Stanford Bio-X Talks in English (T.I.E.)
Introducing a broad range of scientific research in the Stanford Bio-X community through jargon-free lectures and discussion.
Lunch will be provided for in-person attendees who attend both talks in full.
12:00 PM
JULIA SALZMAN, Associate Professor of Biomedical Data Science, of Biochemistry and (by courtesy) of Statistics and of Biology
Genomics Without Genomes
Approximations are foundational to science: from physics to statistics to biology. This talk will investigate the historical origins of a fundamental approximation used in today's approach to genomics and biology: the reference genome. I will discuss research in our group that provides an alternative paradigm based on a simple idea, that bypassing the use of reference genomes for discovery and analysis of genomic data. This paradigm has implications for multiple disciplines that contribute to genomics: including of biology, biomedicine, statistics and computational science. In biology and biomedicine, a new paradigm for discovery enables extraction of biology — across the tree of life — that has been previously missed, with implications for health disparities.
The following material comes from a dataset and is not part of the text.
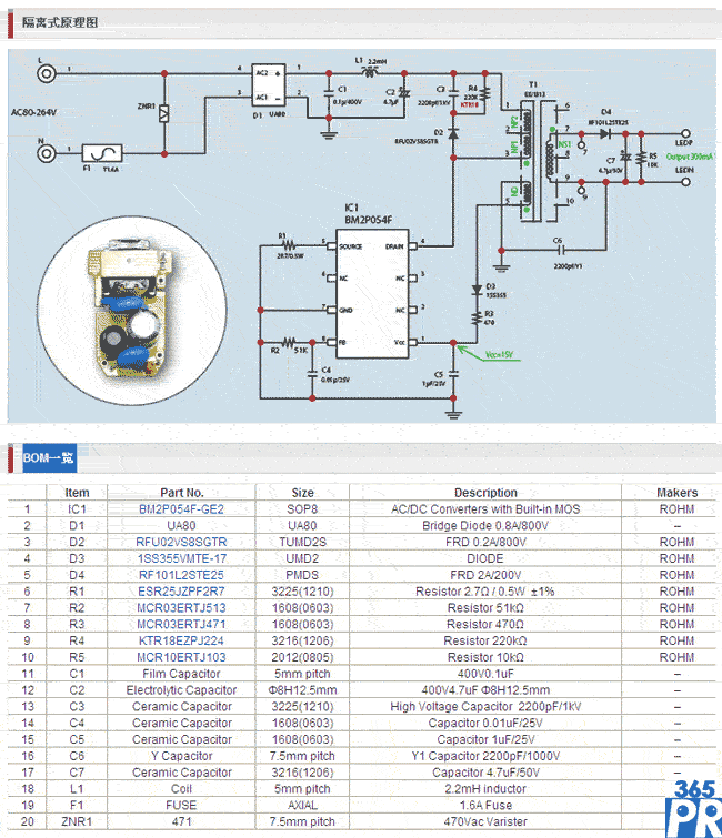 羅姆公司(ROHM)BM2P54F/BM2P094F參考設(shè)計(jì)Ver.1.1采用BM2P系列LED驅(qū)動(PWM控制方式AC/DC Converter,內(nèi)置MOS),外圍電路結(jié)構(gòu)簡單,適用于小型的球泡燈與LED臺燈等。另外,由于可以實(shí)現(xiàn)簡易的PWM調(diào)光和線性調(diào)光,可適用于具有調(diào)光功能的LED照明產(chǎn)品,例如LED球泡燈/射燈(GU10/MR16/JDR50)、LED臺燈等。

I will also discuss how this paradigm increases statistical precision, decreases speed and resource requirements for genomic analysis, and how it significantly reduces the barriers for computational scientists to enter and contribute to the field of genomics.
12:30 PM
ANDREAS TOLIAS, Professor of Ophthalmology
Foundation Models of the Brain: A Less Artificial Intelligence
‘You … your memories and ambitions, your sense of personal identity and free will, are in fact no more than the behavior of a vast assembly of nerve cells …’ Crick’s words capture the profound challenge of decrypting the neural code. This challenge has long been hindered by our limited ability to record activity from large neuronal populations under the complex, variable conditions in which brains evolve, and our capacity to model the intricate relationships between stimuli, behaviors, and neural activity. Recent breakthroughs are starting to overcome these barriers. Cutting-edge technologies now enable large-scale recordings, while AI can construct predictive brain models that link stimuli, neural activity, and behavior. These digital twins open the door to limitless in silico experiments, testing theories that are otherwise impossible at scale in living brains. I will discuss our work in creating these digital twins and uncovering neural representation mechanisms, which we validate with closed-loop experiments.